München – Das größte Problem von sogenannten „Helikopter-Eltern“ ist das Loslassen. Wie Hubschrauber kreisen sie immerzu um ihre Kinder, um sie zu beobachten und zu behüten. Dabei meinen sie es eigentlich nur gut: Sie wollen für die Kleinen das Beste, Erfolg und Glück – und das bitte ihr gesamtes Leben lang. Dass ihr Erziehungsstil ihren Kindern jedoch auch schaden kann, wissen einige Eltern vermutlich sogar. Dennoch fällt ihnen das Loslassen schwer. Eine Expertin verrät nun drei Tipps, wie es endlich gelingen kann.

Helikopter-Eltern fällt es schwer, ihre Kinder loszulassen

Helikopter-Eltern fällt es schwer, loszulassen. Eine Expertin verrät drei Tipps, mit denen es gelingen kann.
Helikopter-Eltern fällt es schwer, loszulassen. Eine Expertin verrät drei Tipps, mit denen es gelingen kann. (Symbolbild) © Roger Richter/IMAGO

Denkt man an Helikopter-Eltern, hat man meist sofort ein negatives Bild vor Augen. Kein Wunder, schließlich warnen Experten sogar davor, der Erziehungsstil von Helikopter-Eltern könne verhaltensgestörte Kinder hervorbringen. Sogenannte Rasenmäher-Eltern, die ihren Kindern zusätzlich auch noch Hindernisse aus dem Weg räumen, seien sogar noch schädlicher für das spätere Erwachsenenleben. Beide Elterntypen haben das Problem, ihre Kinder loszulassen und sie selbständig werden zu lassen.

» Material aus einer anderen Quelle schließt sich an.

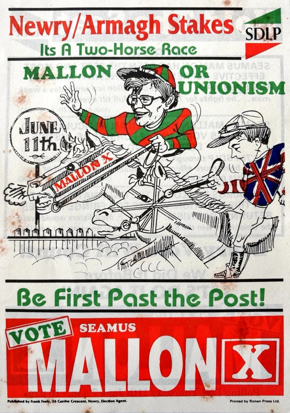 From the 1987 UK Election a leaflet from Seamus Mallon of the SDLP running in Newry and Armagh. He polled 25,137 votes to win the seat with a majority of 5,325 votes.
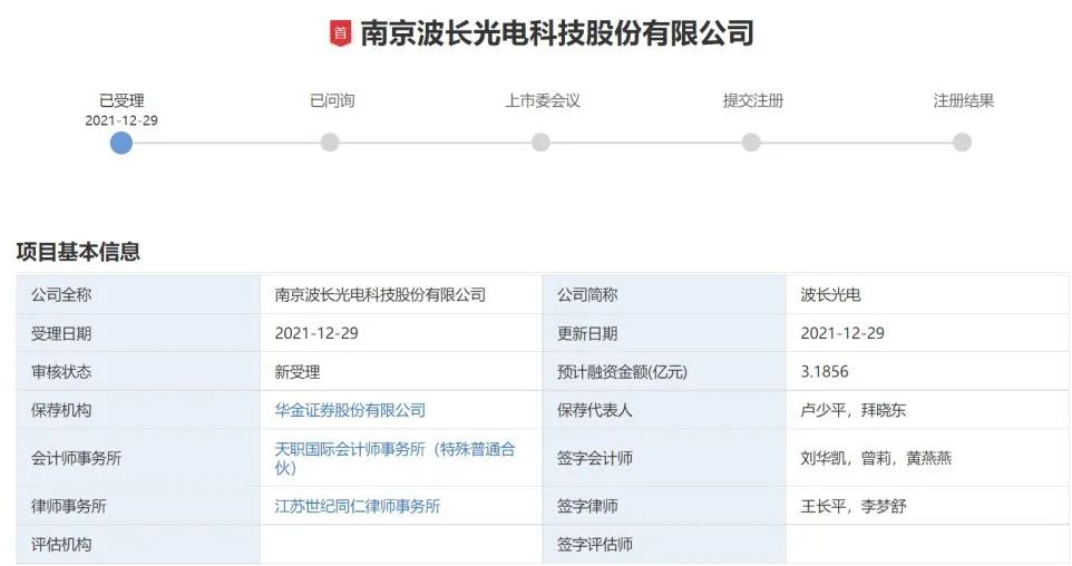 集微网消息,12月29日,南京波长光电科技股份有限公司申请在创业板上市已获受理。华金证券股份有限公司为其保荐机构。

Die dreifache Mutter und Coachin Astrid Meinberg erklärte gegenüber dem Online-Portal „familie.de“, dass Helikopter-Eltern mit dieser Strategie die Individualität ihrer Kinder, die laut einer neuen Studie gegenüber anderen Kindern meist klüger sind, aus dem Blick verlieren. Anstatt das Kind zu sehen, fokussiert man auf die Umgebung und mögliche „Hindernisse“. So fällt es den Eltern schwer, zu erkennen, welche Bedürfnisse das einzelne Kind wirklich hat und was es tatsächlich braucht. Für Eltern ist es ein Balance-Akt: Einerseits brauchen Kinder Nähe und Wärme, andererseits aber auch genügend Raum und Luft zum Atmen – und für Eltern gilt es, dies zu erkennen.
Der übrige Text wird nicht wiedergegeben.